The problem: From the line that contains "Maximizing sleep space" through the line that contains "If Thunderbird can’t", output every line of the listing below exactly and leave out all the rest.
--- Data for the task ---
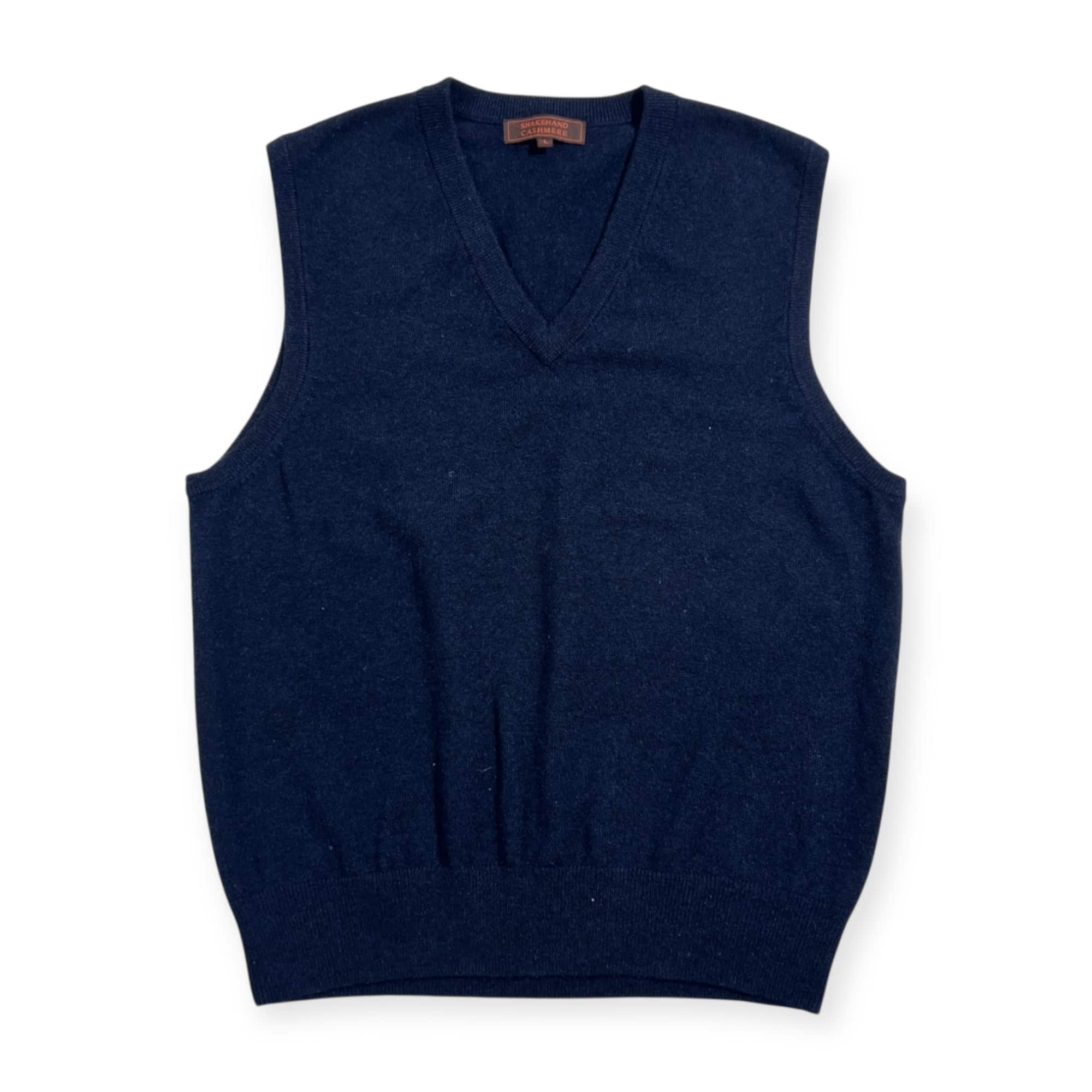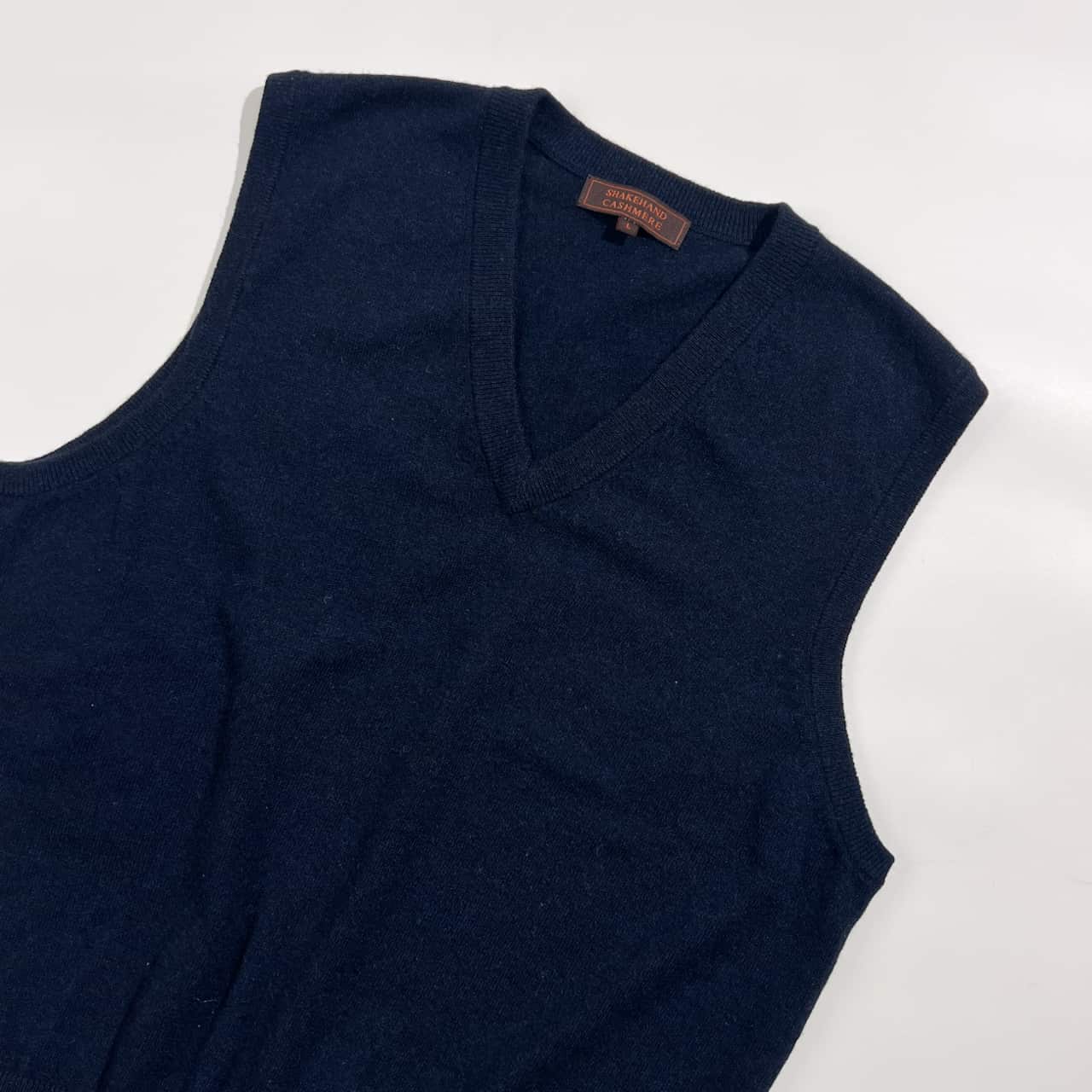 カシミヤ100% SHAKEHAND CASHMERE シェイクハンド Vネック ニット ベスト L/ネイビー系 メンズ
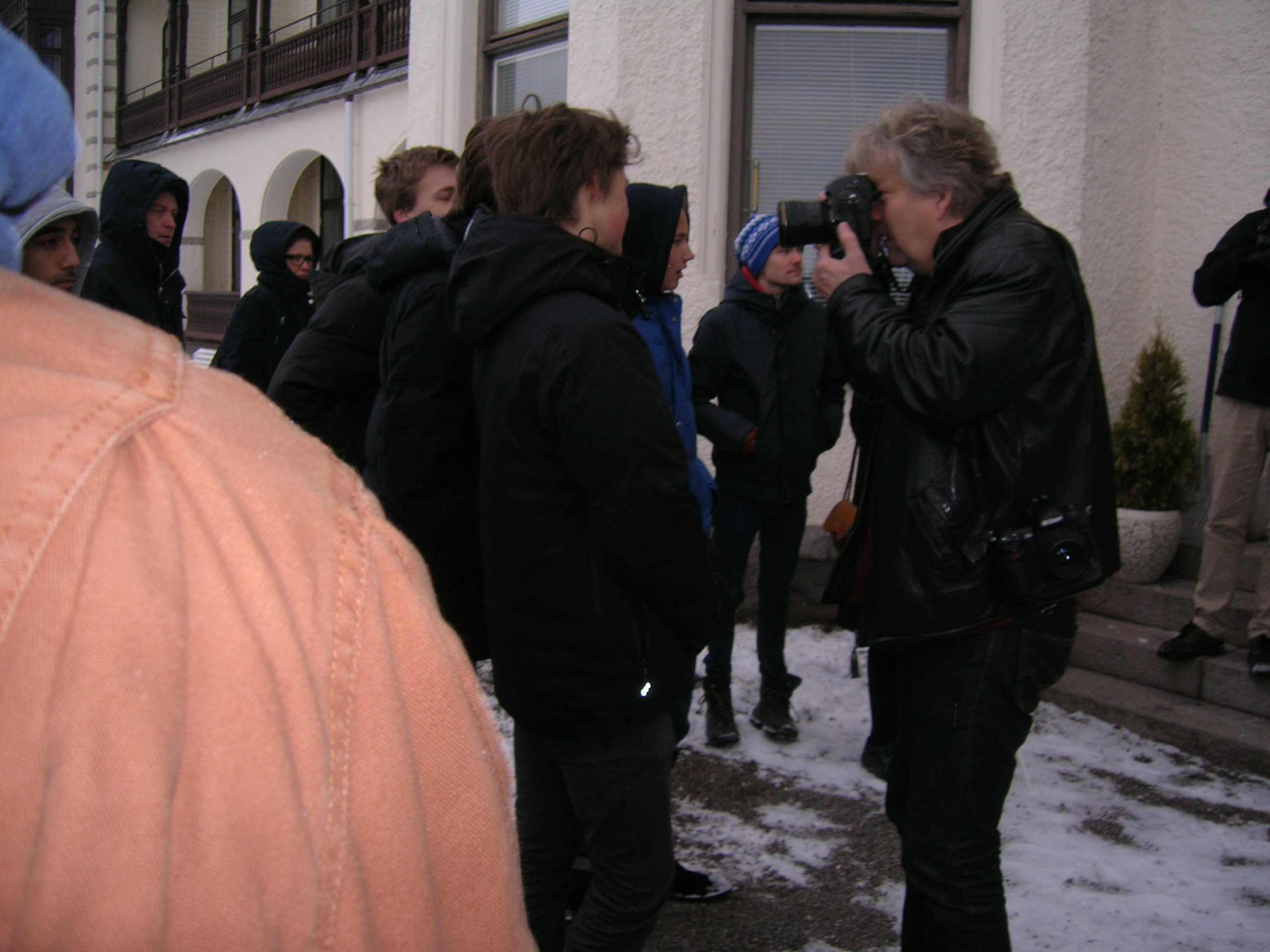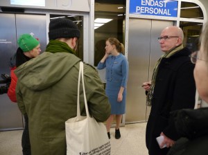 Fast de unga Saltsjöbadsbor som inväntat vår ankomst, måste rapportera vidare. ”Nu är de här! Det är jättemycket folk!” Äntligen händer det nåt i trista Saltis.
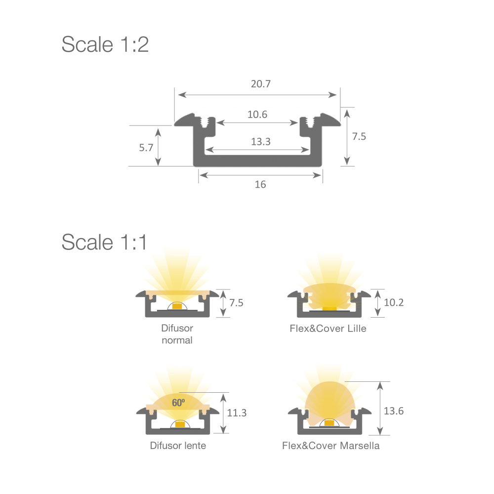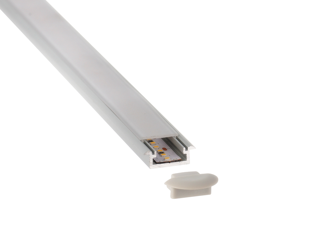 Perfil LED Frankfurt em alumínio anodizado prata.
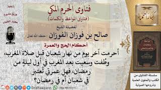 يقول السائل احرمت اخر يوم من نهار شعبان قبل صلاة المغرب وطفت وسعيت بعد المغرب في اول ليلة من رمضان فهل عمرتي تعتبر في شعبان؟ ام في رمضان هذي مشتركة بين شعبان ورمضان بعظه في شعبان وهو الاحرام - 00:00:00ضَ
---
--- Data for the task ---
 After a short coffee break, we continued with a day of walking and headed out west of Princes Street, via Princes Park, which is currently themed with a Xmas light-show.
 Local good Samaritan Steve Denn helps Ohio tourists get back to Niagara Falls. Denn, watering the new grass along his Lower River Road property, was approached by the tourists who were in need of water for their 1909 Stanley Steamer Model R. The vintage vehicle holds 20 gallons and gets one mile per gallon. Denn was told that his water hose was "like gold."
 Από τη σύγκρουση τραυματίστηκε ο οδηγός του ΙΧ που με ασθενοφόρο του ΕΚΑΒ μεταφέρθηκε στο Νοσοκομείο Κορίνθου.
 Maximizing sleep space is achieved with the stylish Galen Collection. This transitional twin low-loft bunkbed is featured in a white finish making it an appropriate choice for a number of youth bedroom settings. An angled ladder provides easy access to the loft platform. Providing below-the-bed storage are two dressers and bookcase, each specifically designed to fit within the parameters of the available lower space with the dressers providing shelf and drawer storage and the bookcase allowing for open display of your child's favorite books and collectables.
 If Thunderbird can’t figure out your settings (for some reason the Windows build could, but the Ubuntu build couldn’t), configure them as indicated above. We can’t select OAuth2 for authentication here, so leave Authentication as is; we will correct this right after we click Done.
---
--- Data for the task ---
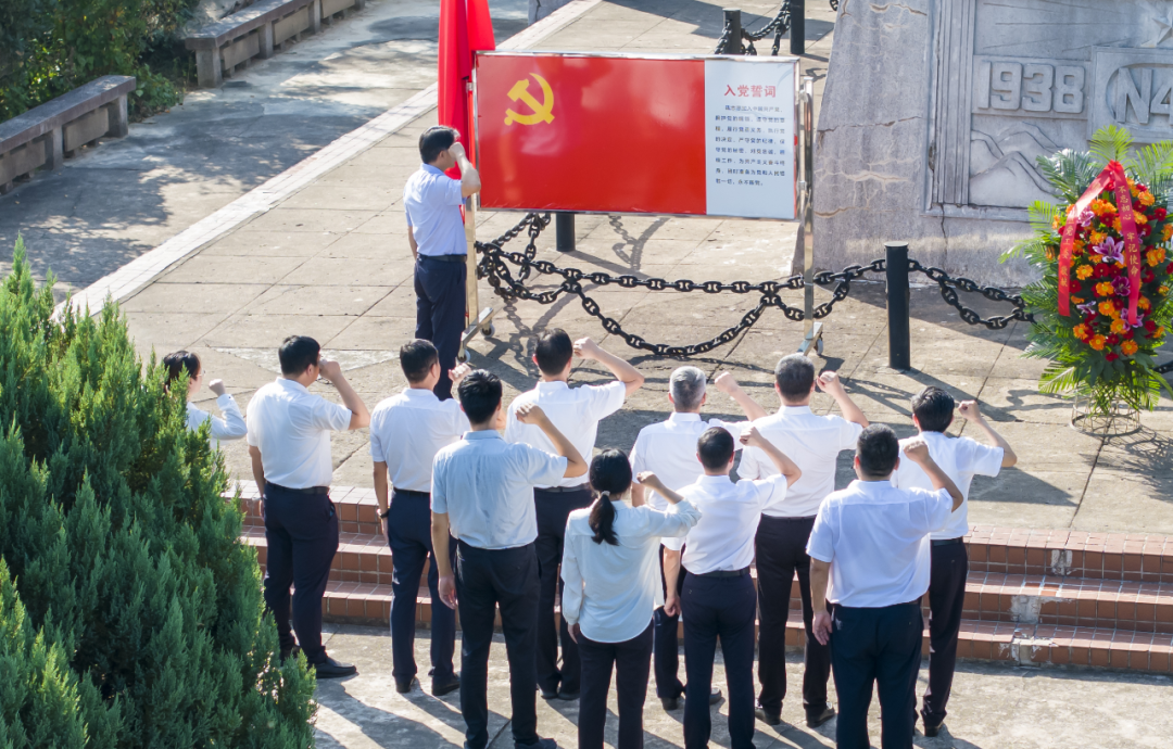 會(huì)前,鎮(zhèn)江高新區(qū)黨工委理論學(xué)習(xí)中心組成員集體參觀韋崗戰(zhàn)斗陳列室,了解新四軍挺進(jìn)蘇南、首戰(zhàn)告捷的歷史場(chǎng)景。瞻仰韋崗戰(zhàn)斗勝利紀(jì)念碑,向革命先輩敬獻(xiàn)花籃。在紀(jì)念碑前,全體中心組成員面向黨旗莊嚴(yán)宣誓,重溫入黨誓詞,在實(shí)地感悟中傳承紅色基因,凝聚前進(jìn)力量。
---
Answer for the task:
 Maximizing sleep space is achieved with the stylish Galen Collection. This transitional twin low-loft bunkbed is featured in a white finish making it an appropriate choice for a number of youth bedroom settings. An angled ladder provides easy access to the loft platform. Providing below-the-bed storage are two dressers and bookcase, each specifically designed to fit within the parameters of the available lower space with the dressers providing shelf and drawer storage and the bookcase allowing for open display of your child's favorite books and collectables.
 If Thunderbird can’t figure out your settings (for some reason the Windows build could, but the Ubuntu build couldn’t), configure them as indicated above. We can’t select OAuth2 for authentication here, so leave Authentication as is; we will correct this right after we click Done.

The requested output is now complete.